Member of the Senate
- Incumbent
- Assumed office 1 November 2024
- Preceded by: Éric Bocquet
- Constituency: Nord

Personal details
- Born: 21 September 1981 (age 44)
- Party: French Communist Party

= Alexandre Basquin =

French politician (born 1981)

Alexandre Basquin (born 21 September 1981) is a French politician serving as a member of the Senate since 2024. From 2014 to 2024, he served as mayor of Avesnes-les-Aubert.

==Biography==
From 2010 to 2018, Alexandre Basquin was the organizational secretary of the Northern Federation of the French Communist Party (PCF), which was then led by Fabien Roussel.

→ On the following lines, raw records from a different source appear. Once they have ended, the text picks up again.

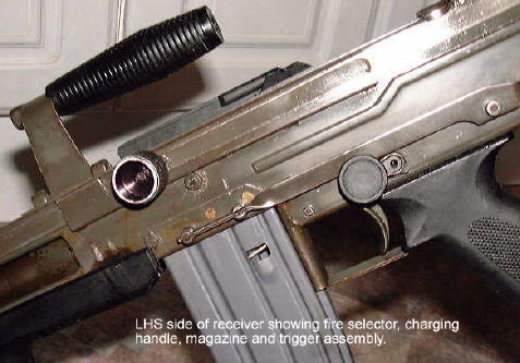 机匣左侧的细节,可看到机匣上方的拉机柄和扳机上方的保险机柄。
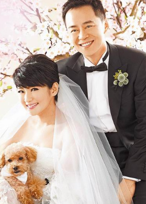 Selina(左)抱着爱犬,与张承中甜蜜拍婚纱照。图片来源:台湾“苹果日报”
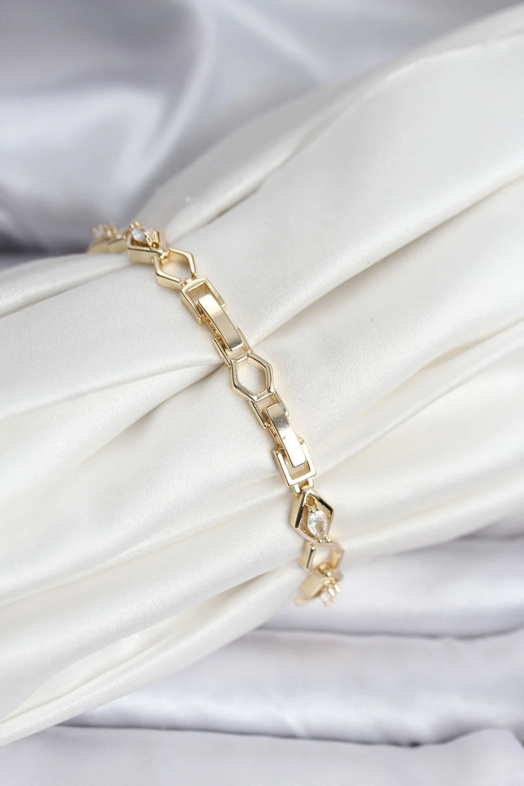 14K Gold Renk Kaplama Baklava Dilim Model Kadın Bileklik
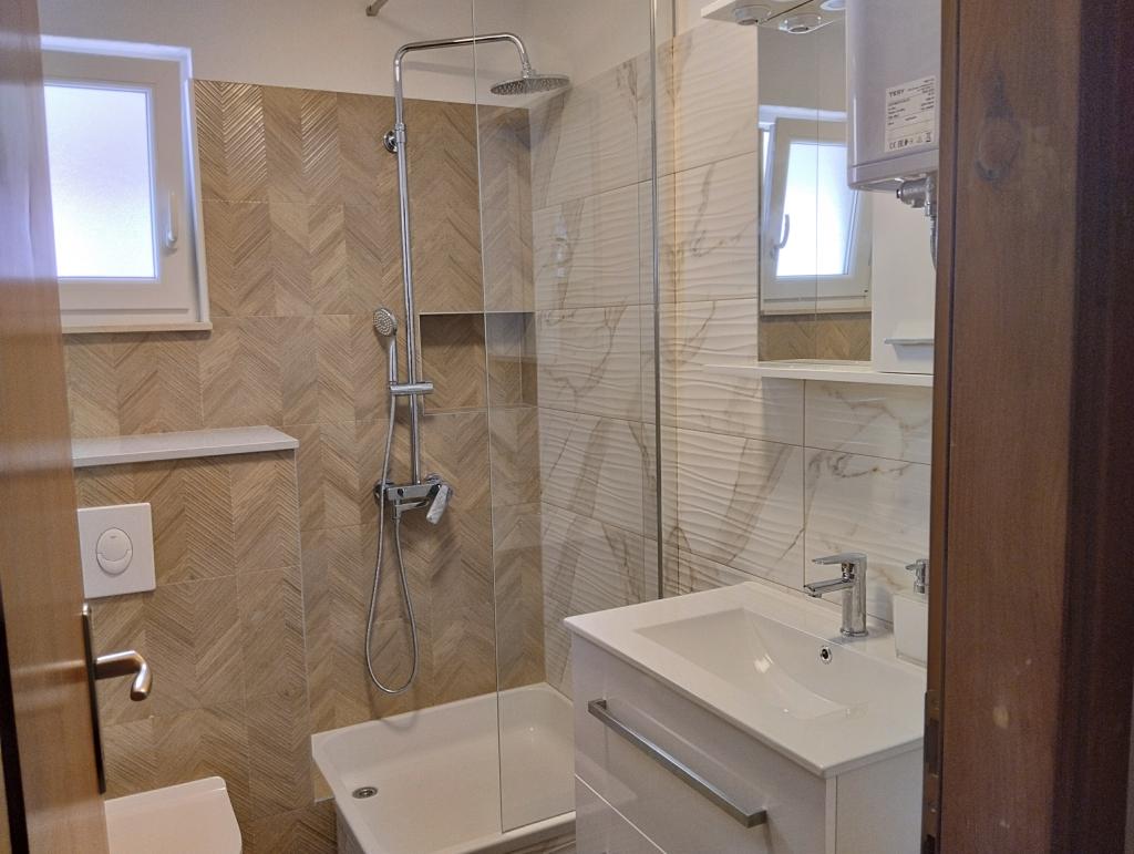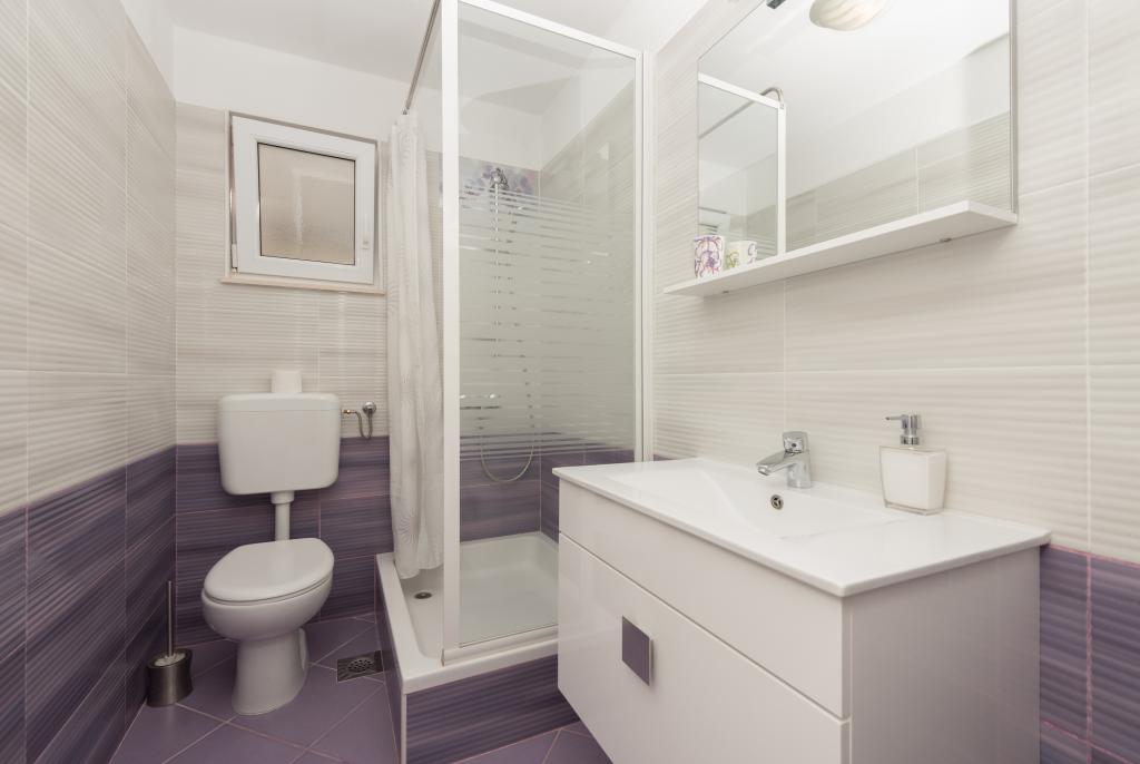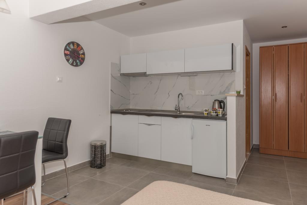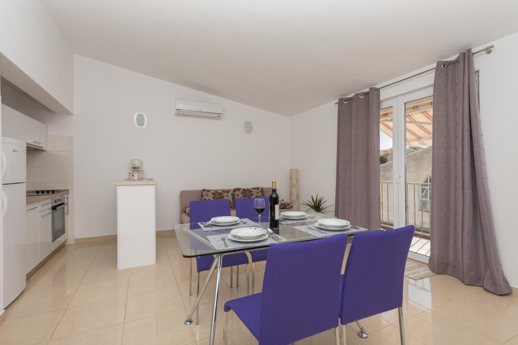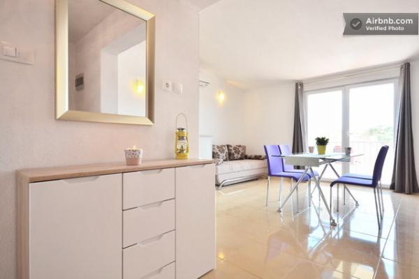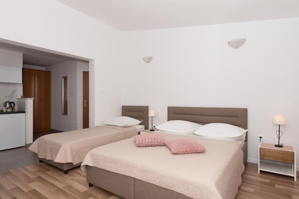 Klimatyzowane apartamenty z widokiem na morze, zaledwie 200 m od głównej plaży, 4 minuty spacerem. APARTAMENT 2+2 - komfortowy. Nowocześnie urządzony apartament o powierzchni 50 m2, oddzielna sypialnia z łóżkiem małżeńskim i rozkładaną sofą dla 2 osób w salonie. APARTAMENT 4+1 z 2 sypialniami i dużym salonem z rozkładaną sofą dla 1 osoby (dziecka). Odpowiedni dla rodzin i par. W pełni klimatyzowany, 3 klimatyzatory. APARTAMENT 3 - komfortowy apartament dla 2-3 osób z balkonem - spektakularny widok na morze i wyspy. W okolicy znajdują się restauracje, parking obok domu.
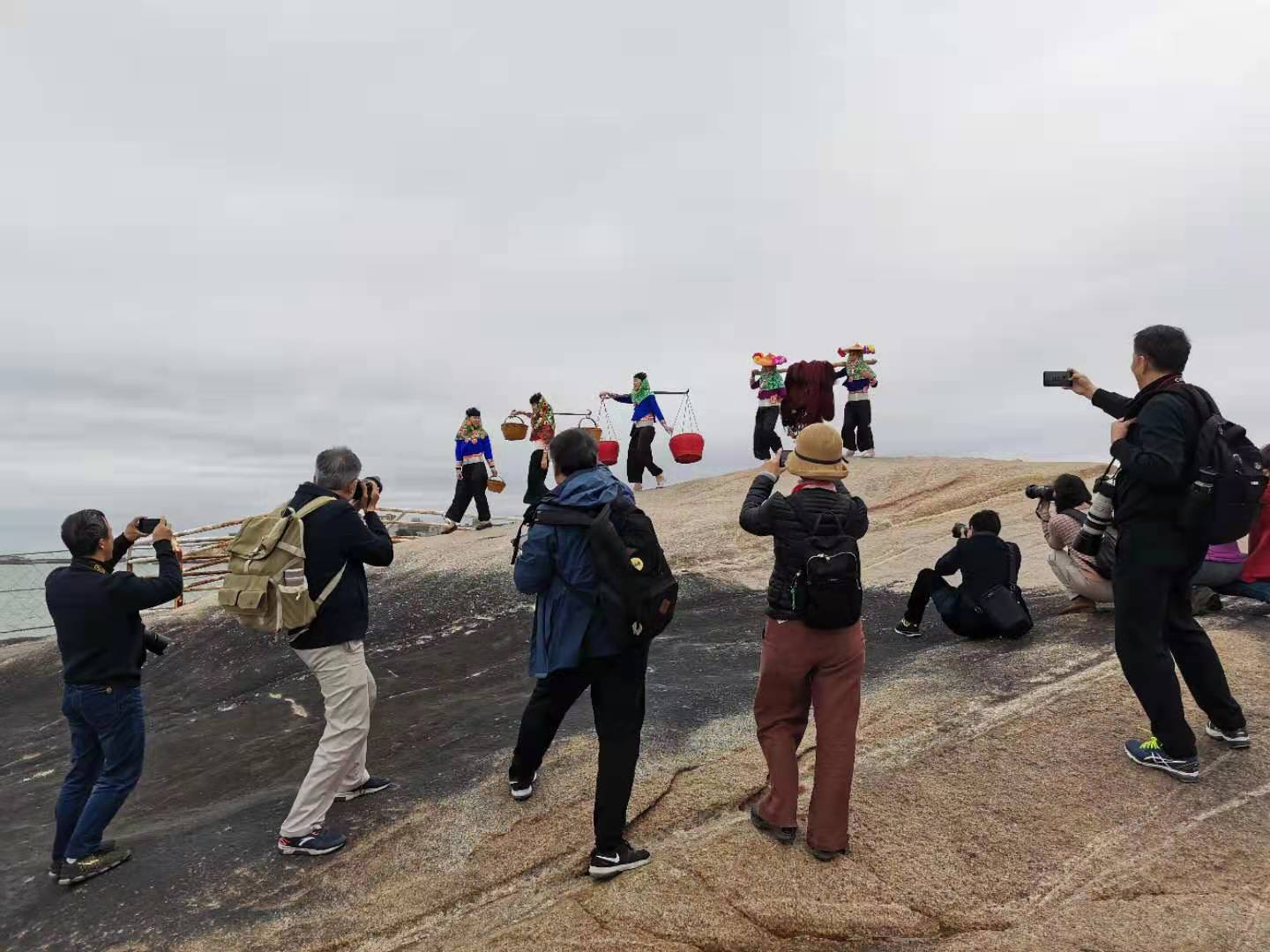 下午,团队来到大祚的惠女民俗风情园。风情园背山面海而建,园中歺厅、茶馆、博物馆、观光栈道等应有尽有。园内不但集中展现清朝到现在惠安女服饰的变化,以及惠安女手工艺品、劳作农具、生活用品、家居用品等,还是摄影爱好者的采风创作基地。景区安排的惠安女模特为大家演绎各种劳作场景,摄影师们纷纷举起相机,从不同角度定格这美好的时刻。
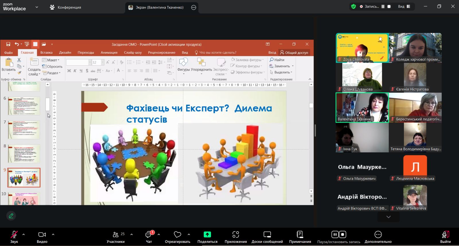 Друга частина засідання була присвячена творчо-орієнтованому напряму методичної роботи. Це був майстер-клас «Спеціаліст чи експерт? Дилема статусів» викладача нашого коледжу Зої ЧИНОВАТОЇ, яка поділилась досвідом впровадження інновацій у освітній процес. Викладач наголосила на умовах, які створює директор коледжу Ольга БОНДАРЕНКО, для особистісного зростання викладача і формування всебічно розвиненої особистості здобувача освіти, для їхньої результативної співпраці та для якісного надання освітніх послуг.
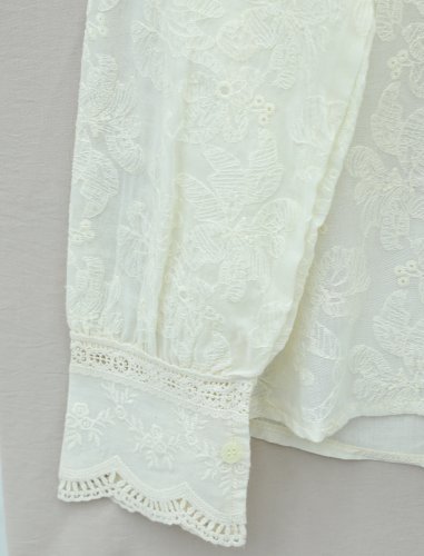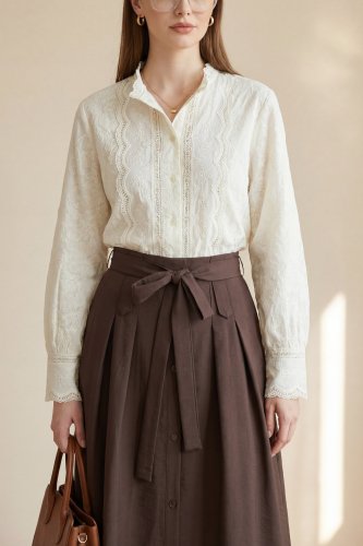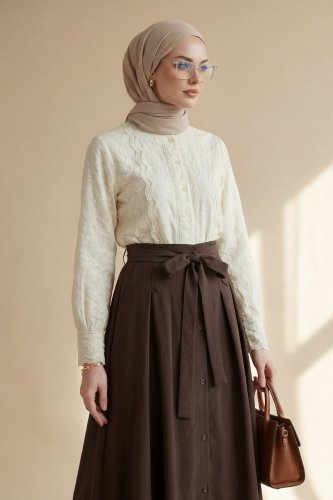 • Brode İşlemeli Vintage Gömlek Bluz Bej

In the 2011 cantonal elections, he was the Front de gauche candidate for the canton of Carnières, coming fourth with 15.44% of the votes cast. In the 2015 departmental elections, he stood for the same party in the new Canton of Caudry, coming fourth with 11.62% of the votes cast.

Elected mayor of Avesnes-les-Aubert in 2014, a municipality of 3,600 inhabitants in the Cambrésis region, he has also been fourth vice-president of the Caudrésis Urban Community since April 17, 2014. - Catésis, responsible for Housing, Unsanitary Conditions, and the Local Housing Plan, a position he held from 2017 to 2020. After that date, his portfolios were reduced to Housing.

He succeeded Éric Bocquet as senator for the Nord department following the latter's resignation, who wanted to “prepare for the future and bring in the next generation.”

He was his predecessor's parliamentary aide during his thirteen years in national office.

He is a member of the Communist Party and sits on the Communist, Republican, Citizen and Ecologist group.

After Second inauguration of Donald Trump, Alexandre Basquin made headlines by calling for a mass exodus from social media in an open letter addressed to ministers, parliamentarians, the media, and all citizens.